Erdoğan Bayraktar, the former Turkish minister of environment and urban planning and one of the four cabinet members implicated in the probe, filed the complaint against Kılıçdaroğlu that was ultimately turned into an indictment. A trial was initiated after the CHP leader lost his parliamentary immunity.

Terkoğlu quoted Kılıçdaroğlu’s lawyer, Celal Çelik, as saying that the politician was “happy” to be informed of the case filed against him and issued instructions for a full verification of all the facts involved in the case.

“Through this trial, we will have the chance to prove all the corruption that took place during the period of Dec. 17-25,” Çelik said.

Terkoğlu stated that the fact that the leader of the main opposition party, one of the main elements of a democracy, will be tried for criticizing the government’s corruption, would “leave a black stain on Turkey’s democratic history.”

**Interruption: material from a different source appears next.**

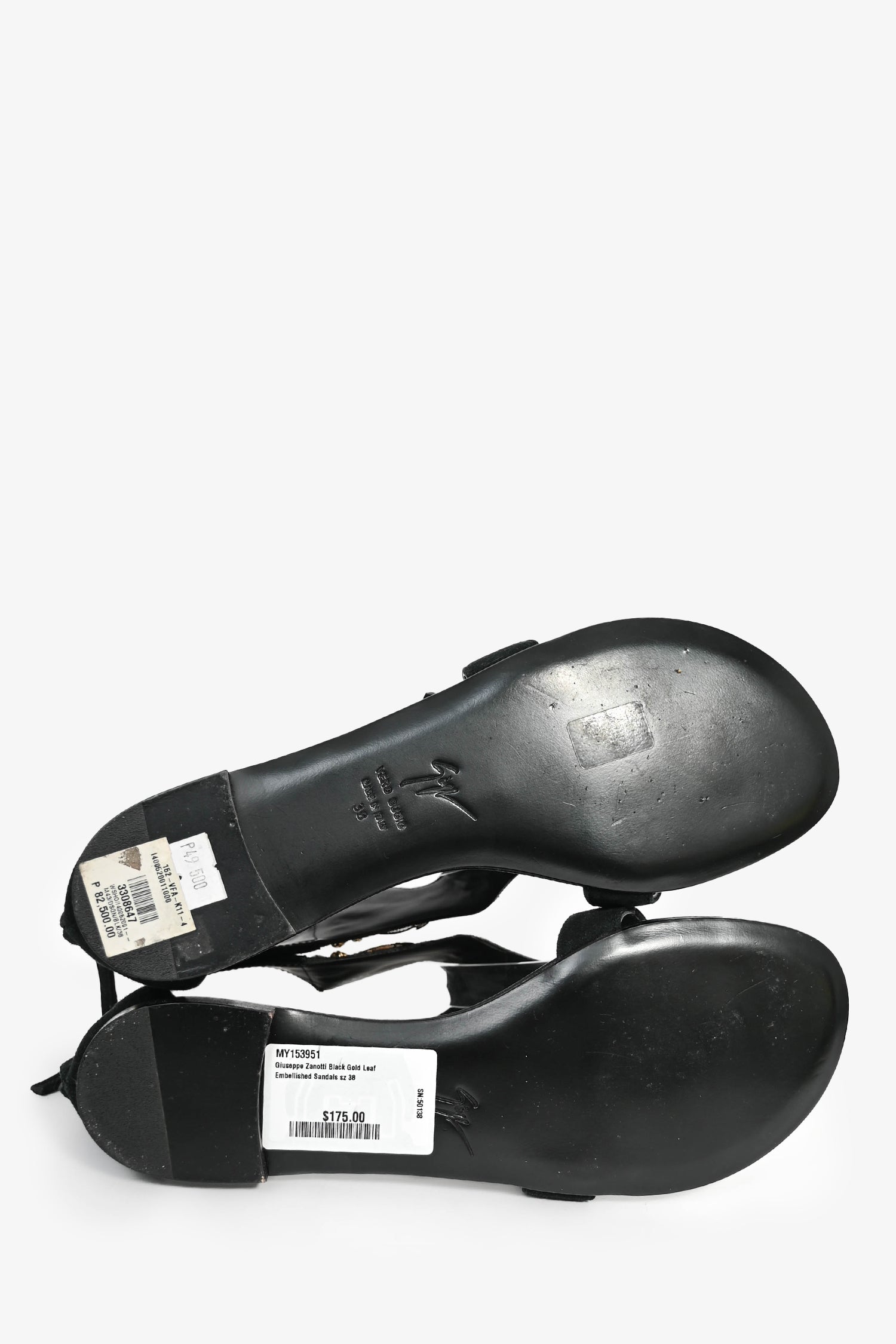 Giuseppe Zanotti Black Gold Leaf Embellished Sandals Size 38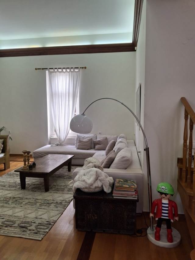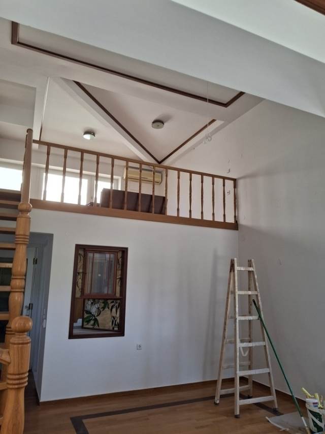 Το εν λόγω ακίνητο αναπτύσσεται σε δυο επίπεδα. Στο πρώτο επίπεδο εμβ. 154 τμ διαθέτει ιδιαίτερα άνετο ενιαίο χώρο (σαλόνι -τραπεζαρία -χώρο γραφείου ) χωριστή κουζίνα, έναν άνετο διάδρομο ο όποιος οδηγεί σε δυο υπνοδωμάτια στο κυρίως μπάνιο και σε ένα πλήρες wc .Στο δεύτερο επίπεδο ( Εσωτερικό αίθριο) εμβ.16 τμ στο οποίο η πρόσβαση επιτυγχάνεται μέσω ωραιότατης ξύλινης κλίμακος διαθέτει ένα ακόμα υπνοδωμάτιο με αποθήκη και άμεση πρόσβαση σε ιδιωτική ταράτσα.

So far, parliament has received 28 summaries of proceedings about the CHP leader that encompass a range of charges, including insult, threat, slander, praising a crime and a criminal, attempting to influence judicial proceedings, insulting public officials due to their duties, inciting hatred and hostility among the public and disseminating propaganda for a terrorist organization.